1 Desire to do good does not make your product good. I would like to be the best sexual partner in the world, but does that make it so?

4 DHL the underdog — I thinks this is stated very well, and it just might put a little shake in those complacent brown vans.

0 It's dull, cluttered, industrial-looking garbage. And call the phone number. If DHL has something to prove, then a real person should answer, right?

2 The concept is a bit dry and average. With this visual, you really need some strong, knock-you-on-your-ass copy, and it just looks like the copywriter was off for the week.

0 Is there a concept here, or just Avis' 42-year-old strategy written as a headline?

5 This ad quickly rises to the top. Totally relates with the hungry small-business guy trying to prove he can make it.

2 The visual doesn't work as hard as the headline. The concept is strong, but the ad just didn't get me there.

5 Couldn't be any more clear about what this ad says.

5 This ad hasn't got a prayer of being an award winner, but it does something that so much advertising doesn't do today: It sells its client's service clearly and easily.

1 Hopefully, that's the agency that created this ad in the box, and they're being shipped off to Guantanamo.

2 Another "underdog" campaign, but what does the imagery have to do with the message? The only thing this ad has going for it is the tagline.

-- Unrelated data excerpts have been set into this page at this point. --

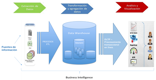 Los sistemas (BI) organizan la compilación de datos, el almacenamiento de dicha información y la gestión del conocimiento con instrumentos analíticos para entender y dilucidar información compleja que permita procesar y obtener resultados de forma eficiente a fin de que la secuencia de las actividades empresariales continúe su curso habitual. Los principales componentes que se encuentran en estos sistemas están las fuentes de información, ETL (extracción transformación), minería de datos, aplicaciones analíticas, bandeja de datos, Data Warehouse que a su vez contiene subcomponentes.
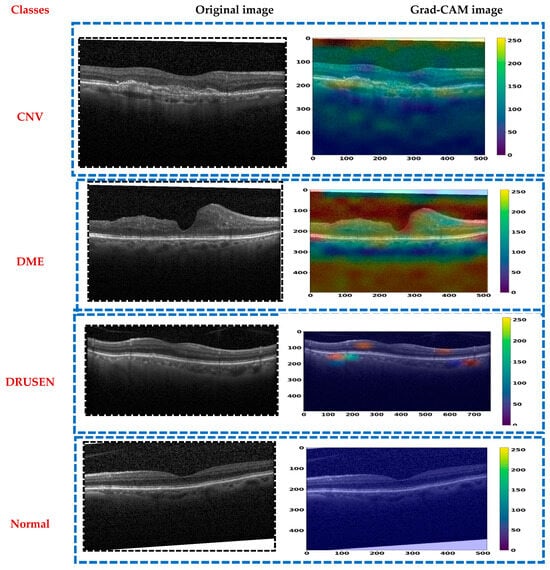 The Grad-CAM outputs for all classes show focused attention that corresponds with clinically significant retinal asymmetries, which supports the model’s interpretability. This connection between the model’s focus and recognized pathological areas increases confidence in its decision-making for the automated classification of retinal diseases.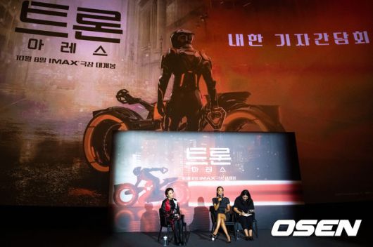 [OSEN=박준형 기자] 영화 ‘트론:아레스’ 내한 풋티지 시사 및 기자간담회가 15일 오후 서울 용산아이파크몰 내 용산 CGV에서 진행됐다.

1 They couldn't come up with something a little more catchy? And what the hell is in that crate?

1 My goodness, I had no idea that DHL had such a chip on its shoulder. Just for that, I'll stick with FedEx.

0 Just looking at the ad causes me not to trust them.

4 Considering that DHL lost three very important packages for me, I'd say they really do have something to prove. Hope their service picks up like this ad!

0 They're right! For years, UPS and FedEx have proven their reliability, efficiency, consistency, service and value. DHL hasn't.

1 DHL has been around for a long time. Sorry, but don't try kidding anyone like you're the new kids on the block now that your trucks and people wear yellow. If you had something to prove, you would've done it years ago.

3 It's all right. But that guy definitely does not look like he's ready to move the world.

1 A guy driving a forklift with something to prove does not persuade me to call DHL. It persuades me to run far, far away.

1 Why does DHL have to prove something? Have they sucked in the past and want to prove they can hang with the big boys now?

3 Good ad, scary copy. No rigid schedules? What does that mean? I want my stuff to get there on the schedule promised. Let's be clear before being clever.